### Work instructions
Starting at the first line of the listing below, repeat each line exactly until the line containing "Rostfri flaggstång med", which you include. Leave out pictures.

[[ Records for the exercise, beginning ]]

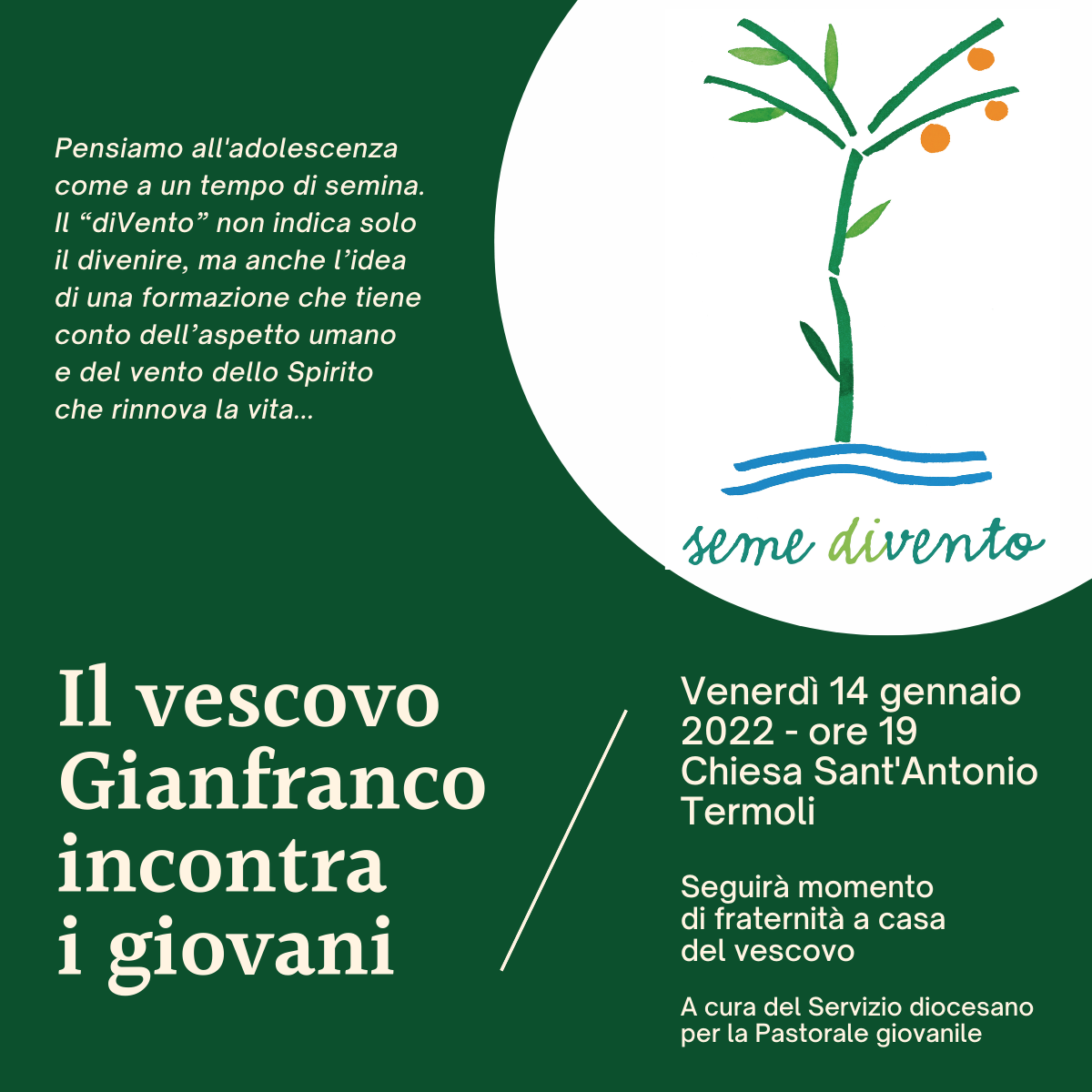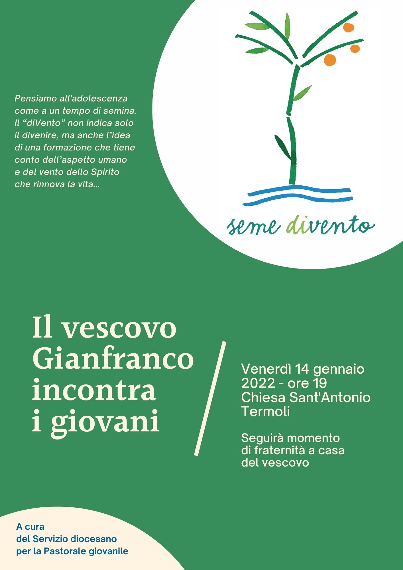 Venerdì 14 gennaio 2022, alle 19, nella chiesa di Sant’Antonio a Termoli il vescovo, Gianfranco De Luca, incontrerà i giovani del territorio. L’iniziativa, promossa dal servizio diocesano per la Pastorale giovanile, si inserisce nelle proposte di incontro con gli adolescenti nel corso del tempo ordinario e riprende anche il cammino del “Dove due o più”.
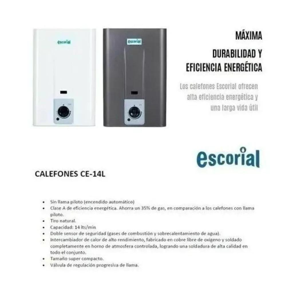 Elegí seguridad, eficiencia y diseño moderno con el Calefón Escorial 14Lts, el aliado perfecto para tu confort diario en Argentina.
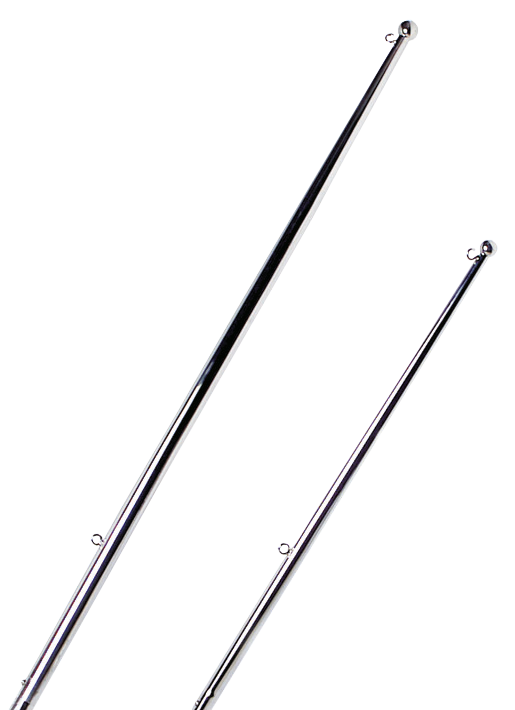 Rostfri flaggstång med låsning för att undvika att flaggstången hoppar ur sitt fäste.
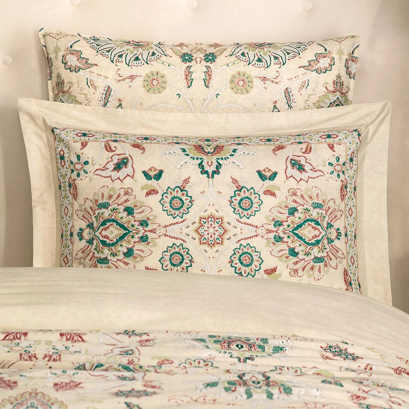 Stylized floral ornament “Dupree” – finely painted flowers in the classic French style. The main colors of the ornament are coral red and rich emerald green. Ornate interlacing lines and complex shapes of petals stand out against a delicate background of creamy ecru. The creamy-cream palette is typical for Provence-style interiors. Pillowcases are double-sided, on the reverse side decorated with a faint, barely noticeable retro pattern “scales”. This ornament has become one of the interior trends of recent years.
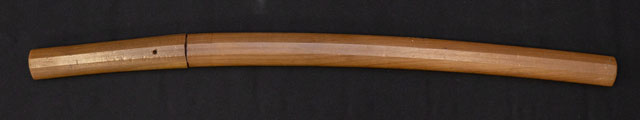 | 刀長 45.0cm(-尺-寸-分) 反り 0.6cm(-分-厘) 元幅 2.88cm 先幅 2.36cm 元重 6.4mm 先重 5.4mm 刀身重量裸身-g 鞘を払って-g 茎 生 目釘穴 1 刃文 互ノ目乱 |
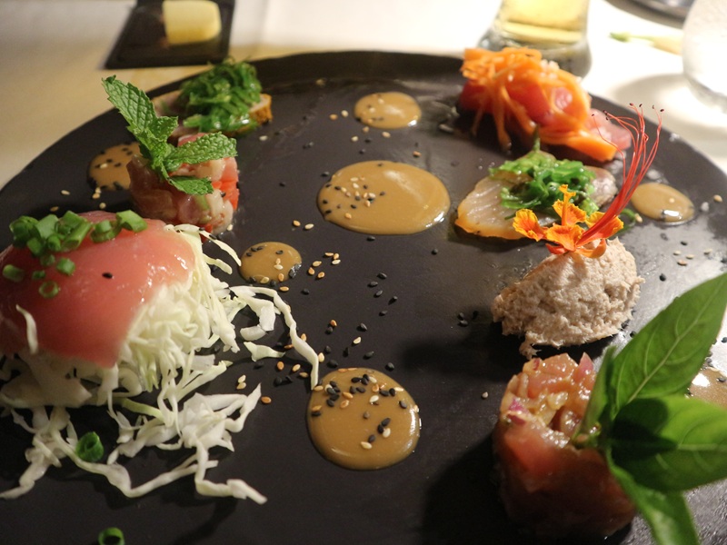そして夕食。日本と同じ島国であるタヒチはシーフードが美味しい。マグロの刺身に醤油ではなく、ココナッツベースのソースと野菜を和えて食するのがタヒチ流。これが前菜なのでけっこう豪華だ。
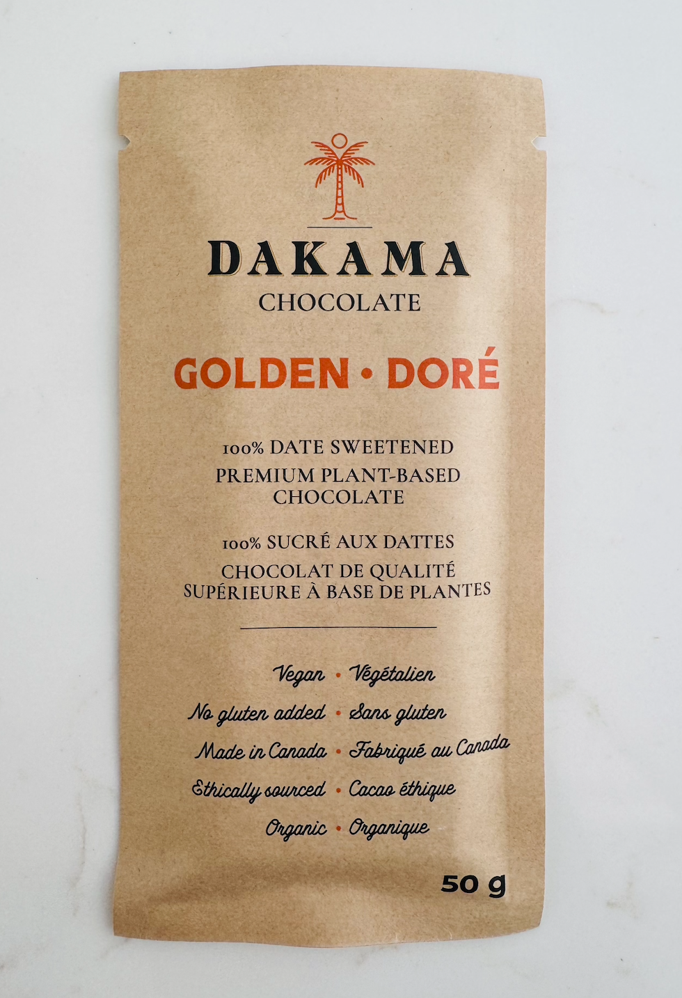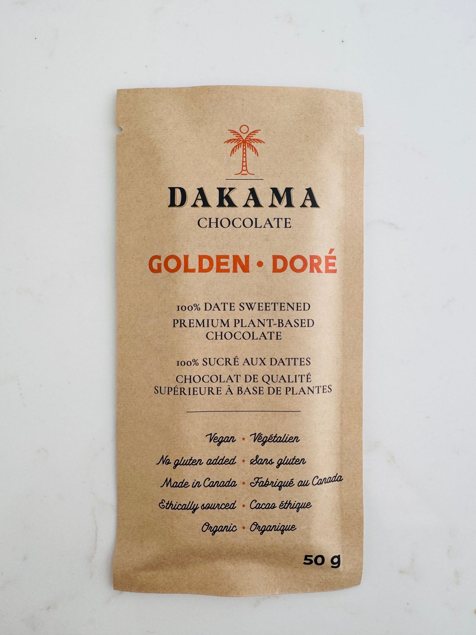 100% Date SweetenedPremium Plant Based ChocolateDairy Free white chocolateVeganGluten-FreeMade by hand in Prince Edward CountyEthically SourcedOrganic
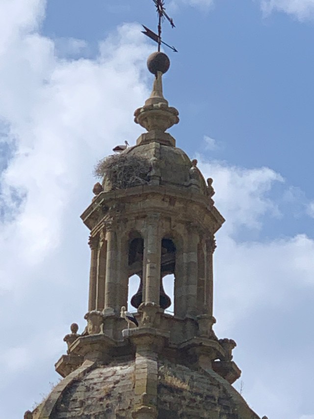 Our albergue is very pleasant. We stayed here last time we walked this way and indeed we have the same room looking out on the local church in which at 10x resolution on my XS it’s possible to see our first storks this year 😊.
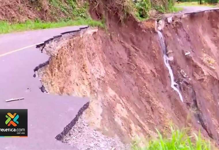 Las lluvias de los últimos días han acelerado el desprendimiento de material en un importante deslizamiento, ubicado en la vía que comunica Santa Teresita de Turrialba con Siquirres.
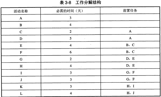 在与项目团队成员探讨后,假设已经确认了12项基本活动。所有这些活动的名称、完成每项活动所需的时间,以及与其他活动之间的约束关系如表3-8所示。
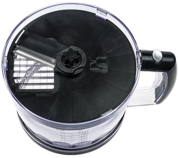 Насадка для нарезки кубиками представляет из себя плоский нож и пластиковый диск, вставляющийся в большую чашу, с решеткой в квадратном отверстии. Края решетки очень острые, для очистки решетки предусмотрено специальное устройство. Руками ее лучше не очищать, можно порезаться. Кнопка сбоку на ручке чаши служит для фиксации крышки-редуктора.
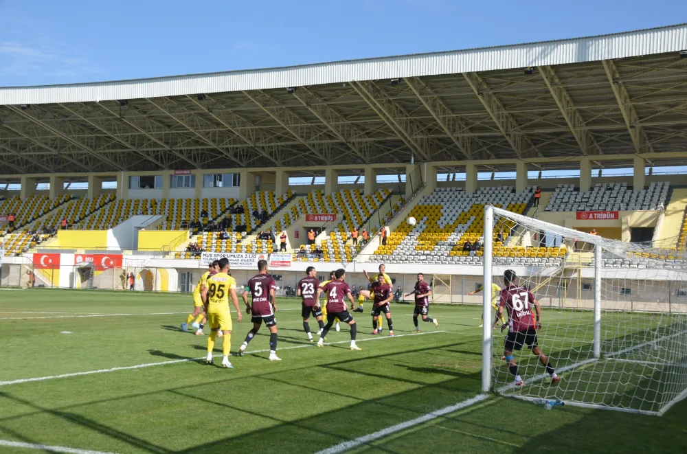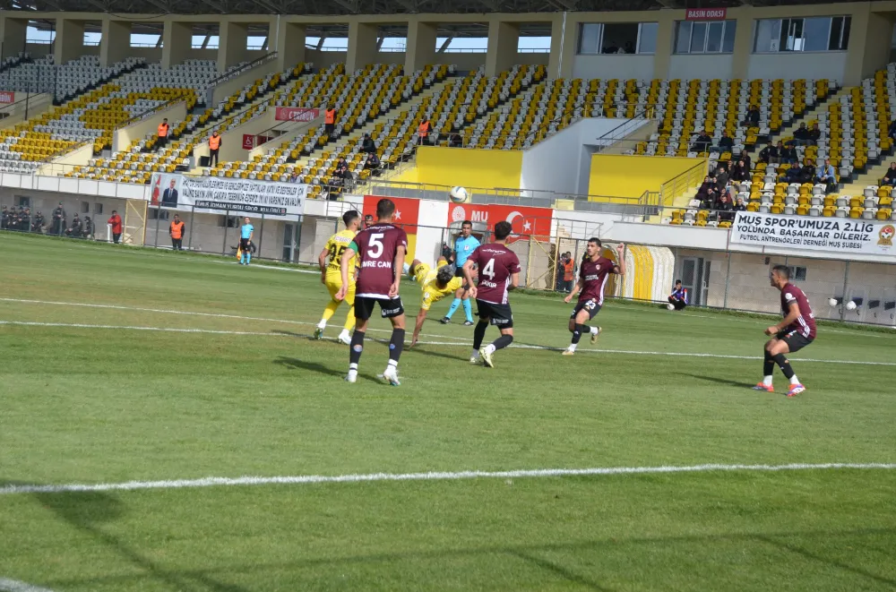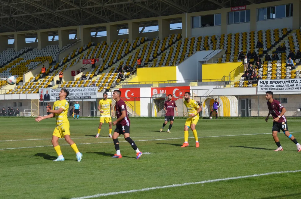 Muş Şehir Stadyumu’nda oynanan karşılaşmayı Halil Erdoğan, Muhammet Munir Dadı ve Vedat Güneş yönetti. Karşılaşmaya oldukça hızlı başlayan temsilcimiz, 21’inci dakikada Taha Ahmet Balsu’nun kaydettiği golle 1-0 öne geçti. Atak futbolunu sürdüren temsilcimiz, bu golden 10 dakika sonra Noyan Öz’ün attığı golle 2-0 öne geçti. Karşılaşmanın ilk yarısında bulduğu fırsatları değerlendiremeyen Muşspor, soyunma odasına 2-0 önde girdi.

[[ Records for the exercise, end ]]

### Completed exercise
 Venerdì 14 gennaio 2022, alle 19, nella chiesa di Sant’Antonio a Termoli il vescovo, Gianfranco De Luca, incontrerà i giovani del territorio. L’iniziativa, promossa dal servizio diocesano per la Pastorale giovanile, si inserisce nelle proposte di incontro con gli adolescenti nel corso del tempo ordinario e riprende anche il cammino del “Dove due o più”.
 Elegí seguridad, eficiencia y diseño moderno con el Calefón Escorial 14Lts, el aliado perfecto para tu confort diario en Argentina.
 Rostfri flaggstång med låsning för att undvika att flaggstången hoppar ur sitt fäste.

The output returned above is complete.